> **DIRECTIONS FOR THIS TASK**: Please, without any pictures, set down exactly the part of the listing below that opens with the line containing "En la parte trasera" and closes with the line containing "1925 г. | |".
___ DATA SECTION ___
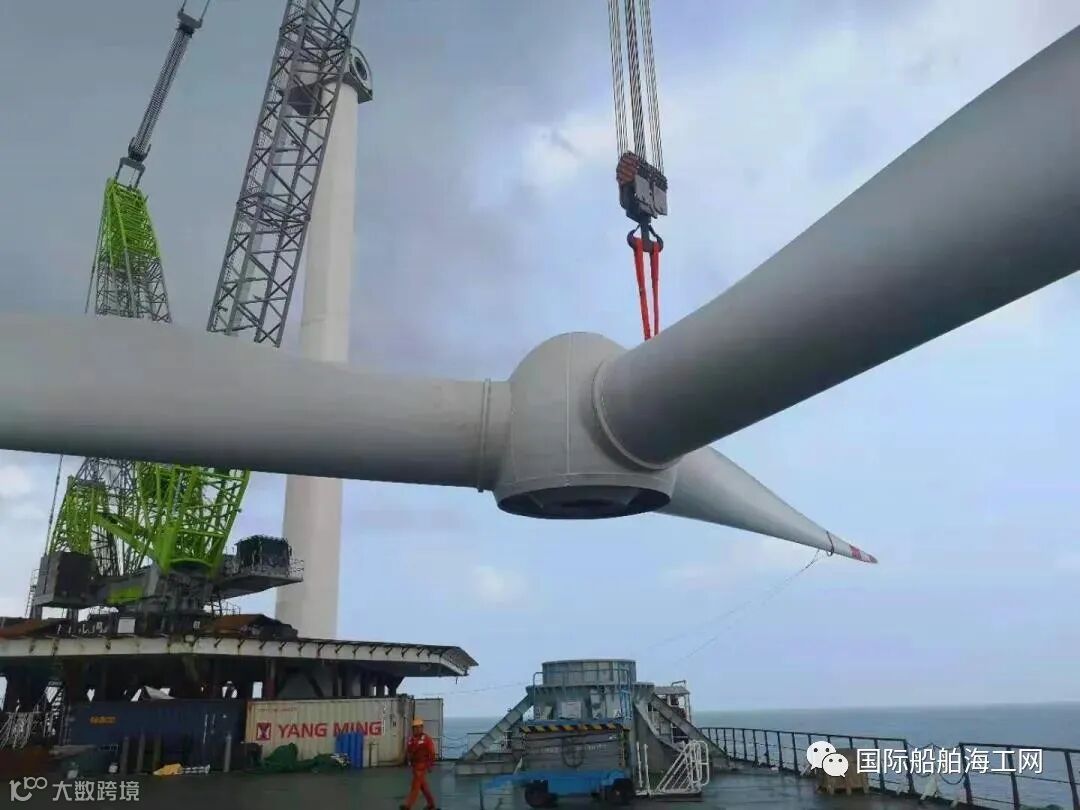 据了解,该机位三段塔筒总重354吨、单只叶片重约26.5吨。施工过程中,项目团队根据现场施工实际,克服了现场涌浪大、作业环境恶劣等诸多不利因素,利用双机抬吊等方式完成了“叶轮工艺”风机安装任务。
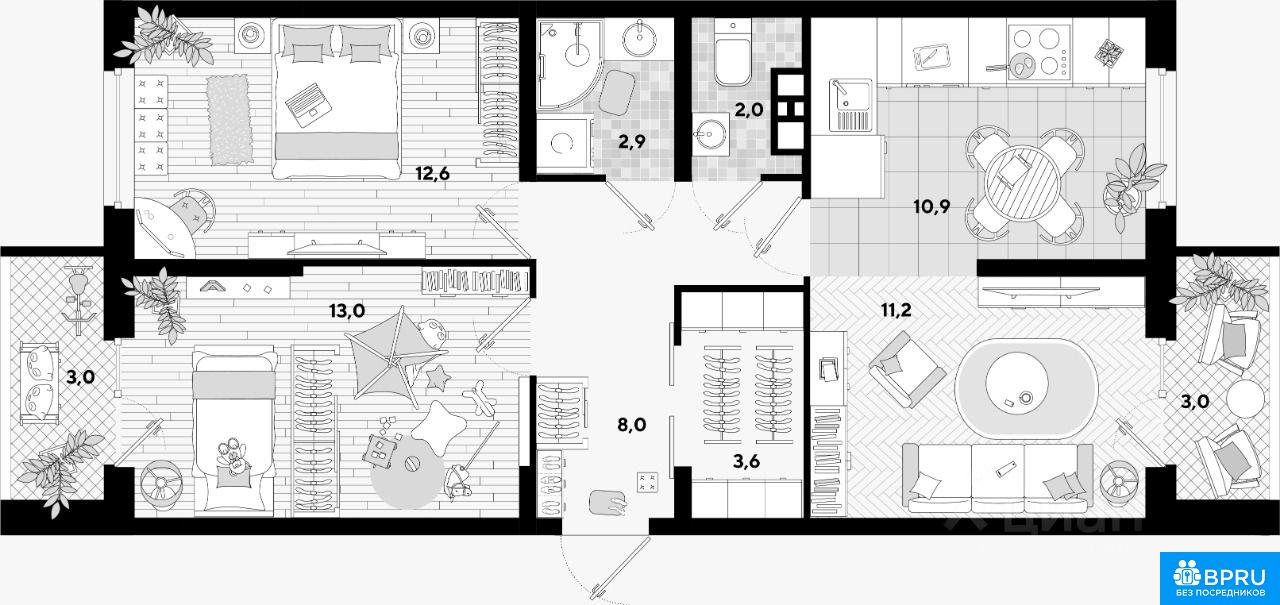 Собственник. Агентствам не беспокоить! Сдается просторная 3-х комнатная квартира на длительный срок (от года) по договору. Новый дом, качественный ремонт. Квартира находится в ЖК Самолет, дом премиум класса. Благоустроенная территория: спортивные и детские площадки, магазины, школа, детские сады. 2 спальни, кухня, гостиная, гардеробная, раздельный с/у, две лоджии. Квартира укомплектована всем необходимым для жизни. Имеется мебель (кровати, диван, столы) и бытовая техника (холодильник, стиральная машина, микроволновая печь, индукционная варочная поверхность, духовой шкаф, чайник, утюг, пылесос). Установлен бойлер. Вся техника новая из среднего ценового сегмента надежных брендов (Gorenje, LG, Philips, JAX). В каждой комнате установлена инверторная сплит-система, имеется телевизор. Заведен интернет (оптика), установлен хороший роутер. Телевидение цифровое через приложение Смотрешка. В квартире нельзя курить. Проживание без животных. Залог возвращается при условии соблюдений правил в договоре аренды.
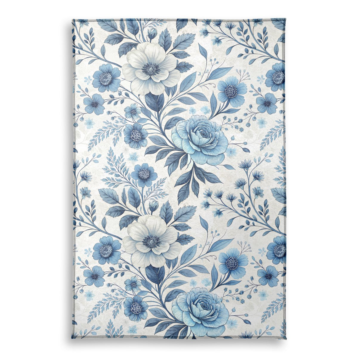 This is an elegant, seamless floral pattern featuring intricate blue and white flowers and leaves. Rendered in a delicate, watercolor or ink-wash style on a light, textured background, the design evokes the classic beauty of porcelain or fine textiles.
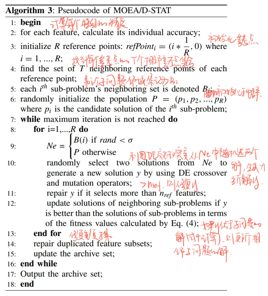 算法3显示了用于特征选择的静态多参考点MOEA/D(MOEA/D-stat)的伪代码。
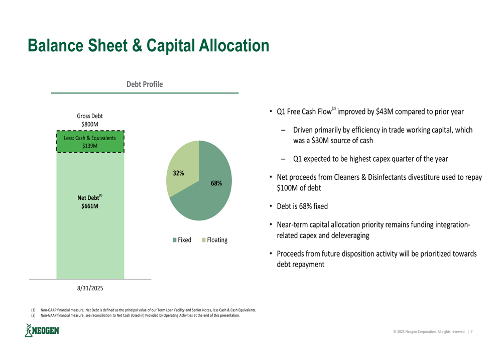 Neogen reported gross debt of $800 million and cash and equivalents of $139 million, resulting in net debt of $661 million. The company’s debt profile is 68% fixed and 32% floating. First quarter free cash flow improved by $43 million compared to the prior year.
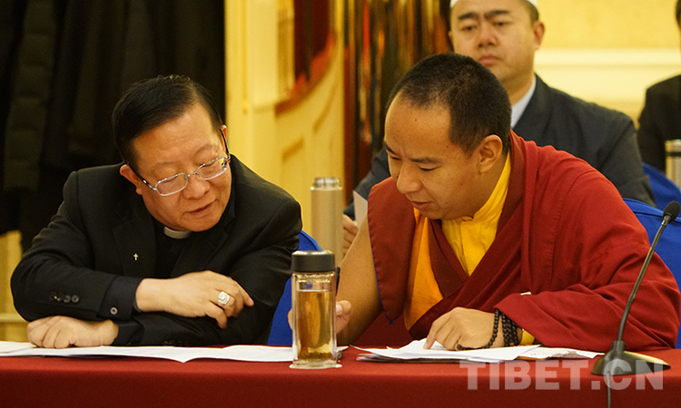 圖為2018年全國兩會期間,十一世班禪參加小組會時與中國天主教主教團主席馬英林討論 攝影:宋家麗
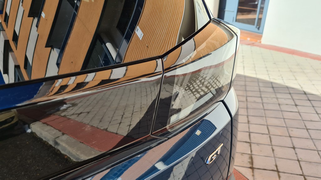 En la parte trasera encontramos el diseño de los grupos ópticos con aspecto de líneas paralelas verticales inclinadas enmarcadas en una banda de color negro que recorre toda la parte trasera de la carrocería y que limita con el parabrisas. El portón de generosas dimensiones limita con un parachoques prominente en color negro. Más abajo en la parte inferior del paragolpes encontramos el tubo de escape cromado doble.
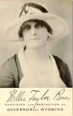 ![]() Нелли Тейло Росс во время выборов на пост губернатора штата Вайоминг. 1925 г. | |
___
___ DATA SECTION ___
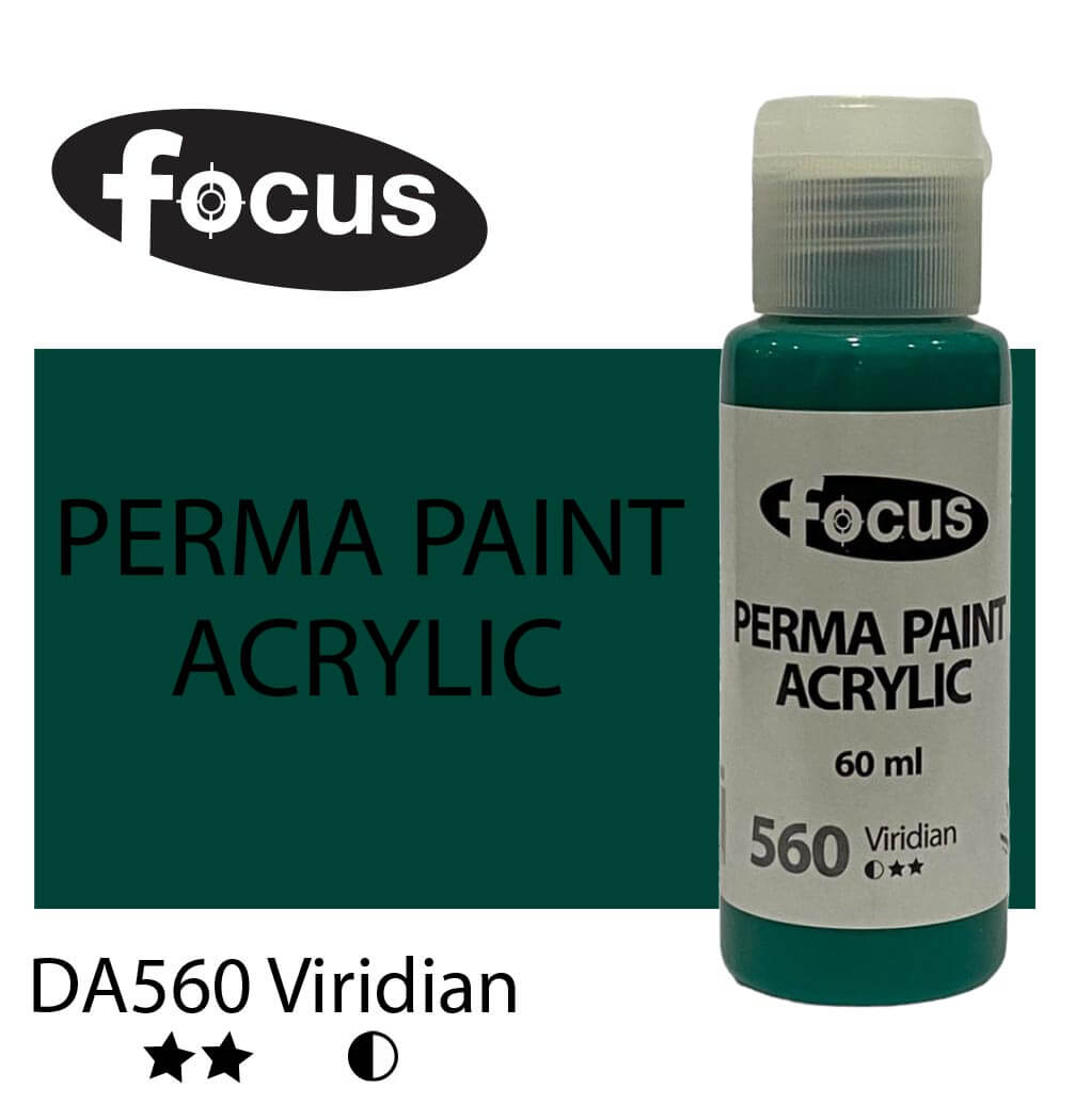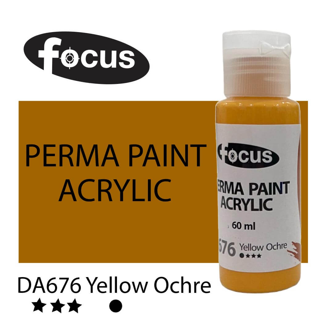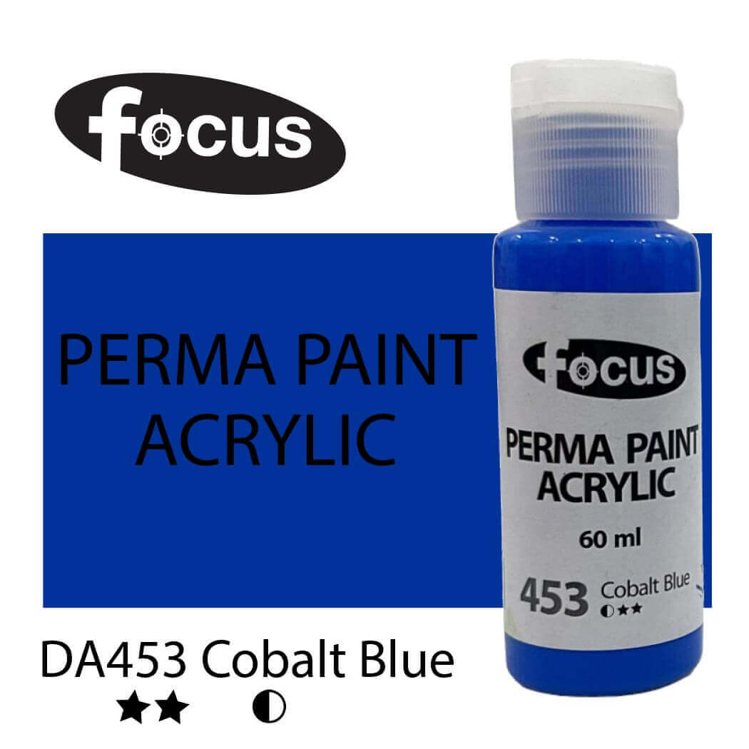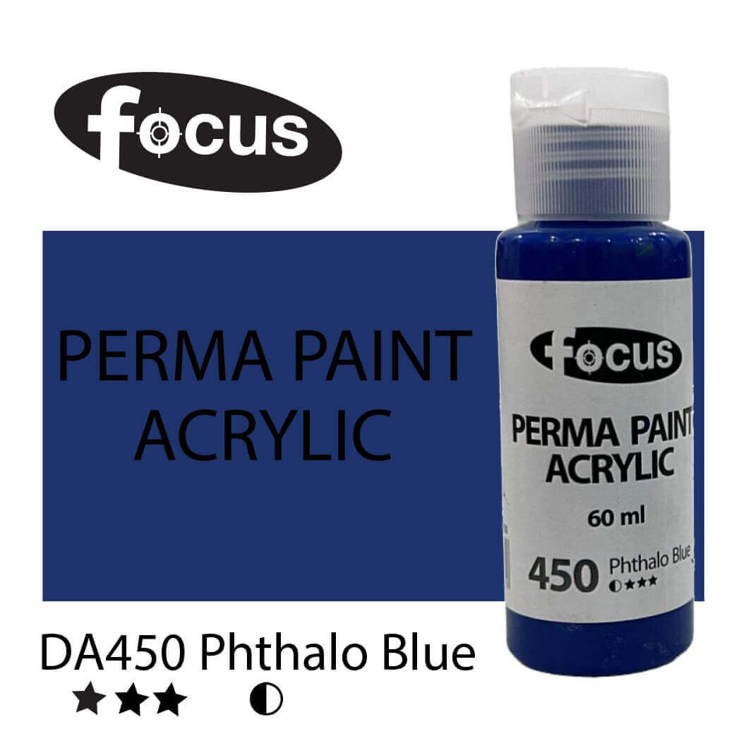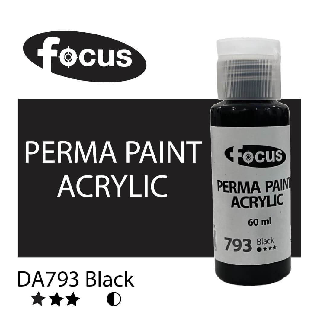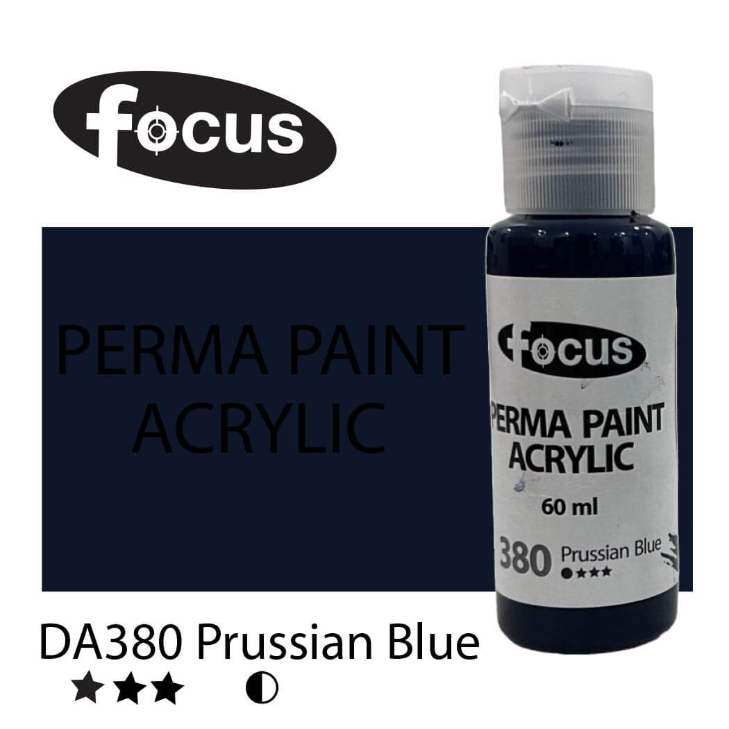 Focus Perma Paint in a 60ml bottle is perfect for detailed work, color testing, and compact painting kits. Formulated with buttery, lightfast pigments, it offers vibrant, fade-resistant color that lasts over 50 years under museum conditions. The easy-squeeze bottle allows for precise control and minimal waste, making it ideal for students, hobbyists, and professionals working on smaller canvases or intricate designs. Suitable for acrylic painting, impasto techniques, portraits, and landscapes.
___
___ DATA SECTION ___
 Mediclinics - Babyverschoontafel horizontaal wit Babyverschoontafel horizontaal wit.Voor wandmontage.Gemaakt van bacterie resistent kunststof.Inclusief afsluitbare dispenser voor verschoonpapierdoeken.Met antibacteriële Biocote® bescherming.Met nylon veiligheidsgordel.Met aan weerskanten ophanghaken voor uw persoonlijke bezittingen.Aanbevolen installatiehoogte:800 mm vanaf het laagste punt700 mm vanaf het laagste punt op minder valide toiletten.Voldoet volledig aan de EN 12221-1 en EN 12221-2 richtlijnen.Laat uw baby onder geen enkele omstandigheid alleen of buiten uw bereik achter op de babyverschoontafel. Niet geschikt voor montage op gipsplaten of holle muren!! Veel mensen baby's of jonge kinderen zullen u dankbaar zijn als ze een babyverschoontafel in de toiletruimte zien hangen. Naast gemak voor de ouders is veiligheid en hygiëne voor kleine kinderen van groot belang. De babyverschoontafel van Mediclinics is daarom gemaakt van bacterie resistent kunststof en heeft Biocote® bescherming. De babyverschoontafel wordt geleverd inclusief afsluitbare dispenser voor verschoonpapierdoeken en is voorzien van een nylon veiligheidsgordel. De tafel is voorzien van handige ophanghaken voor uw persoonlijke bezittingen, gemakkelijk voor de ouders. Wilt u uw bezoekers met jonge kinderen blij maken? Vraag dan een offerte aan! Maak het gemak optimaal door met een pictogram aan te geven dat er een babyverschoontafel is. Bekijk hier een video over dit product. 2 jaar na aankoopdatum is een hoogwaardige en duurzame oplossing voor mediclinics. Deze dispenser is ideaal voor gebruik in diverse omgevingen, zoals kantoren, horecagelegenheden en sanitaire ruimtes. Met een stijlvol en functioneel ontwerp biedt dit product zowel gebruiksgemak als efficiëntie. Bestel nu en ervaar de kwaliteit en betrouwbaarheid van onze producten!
___
> **EXERCISE OUTPUT**:
 En la parte trasera encontramos el diseño de los grupos ópticos con aspecto de líneas paralelas verticales inclinadas enmarcadas en una banda de color negro que recorre toda la parte trasera de la carrocería y que limita con el parabrisas. El portón de generosas dimensiones limita con un parachoques prominente en color negro. Más abajo en la parte inferior del paragolpes encontramos el tubo de escape cromado doble.
 ![]() Нелли Тейло Росс во время выборов на пост губернатора штата Вайоминг. 1925 г. | |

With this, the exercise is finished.